Ele não pensava assim, dizia que poderiam criar confusão ou falarem pra mãe... isso me enfurecia bastante. O fato de ele se preocupar mais com a opinião alheia do que comigo. Acho que beijar no ônibus pode ser exagero, caso tenha gente olhando... não que eu tenha receio... mas não poder pegar na mão do seu namorado, vendo casais heteros quase se atracando no banco de trás é demais !

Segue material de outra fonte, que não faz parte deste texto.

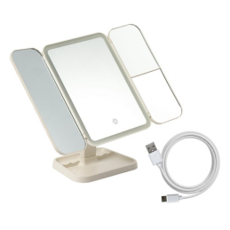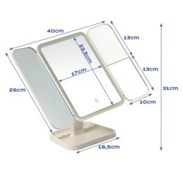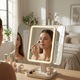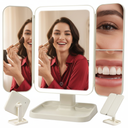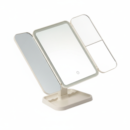 Az elegáns TREND kozmetikai tükör LED világítással kis otthoni szépségszalonná varázsolja a fésülködőasztalát. A háromrészes, kihajtható kialakítás középső tükörrel és oldalsó szárnyakkal lehetővé teszi a kényelmes sminkelést, bőrápolást és frizurakészítést több szögből. A praktikus beépített rendező helyet biztosít a kozmetikumok és apró kiegészítők tárolására.
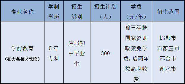 培养目标:本专业培养德、智、体、美全方面发展,具有良好职业道德和人文素养,掌握较系统的专业知识与专业技能,具备较强保育能力、活动设计与组织能力、实践反思与自我发展能力,善于沟通与合作,从事学前教育工作的教师。

* No cinema : A discussão era parecida com a do ônibus, só que pior. Acho que cinema é um lugar pra se curtir e namorar. O lugar é convenientemente escuro pra isso, concordam? Bom, o princípio básico pra mim, era: se o cinema estivesse lotado eu não forçaria barra pra ficar beijando e abraçando. Agora se estivesse mais lugares, eu queria é curtir, porque se alguém ficasse perto é porque queria ver. " Os incomodados que se mudem" nesse caso serviria... nem preciso dizer que ele não pensava assim. Dizia que tava " incomodando" as pessoas, etc. Eu rebatia dizendo que pagamos o mesmo preço que eles e porque só eles poderiam namorar? Acho que só não vale atentado ao pudor, que é crime para heteros também.

Queria a opinião de vocês. Sou exagerado ou deveria me privar do que gosto de fazer para agradar a sociedade hipócrita? Já tentei maneirar por medo de agressão. Tem muito covarde aí que se acha valente por bater em gay... o curioso é que a maioria anda em grupos, não são nada sozinhos, não se garantem. Então passei a ponderar mais por isso. Posso não ser forte, mas sou muito protetor com quem eu amo. Se alguém ameaçasse ele teria que me matar primeiro. Pra não correr esse risco, passei a maneiras nas demonstrações de afeto. Mas se todos pensarem assim, os homofóbicos se acharão mais na razão do que já acham...


Eita assunto polêmico... mas foi bom compartilhar com vocês o que penso.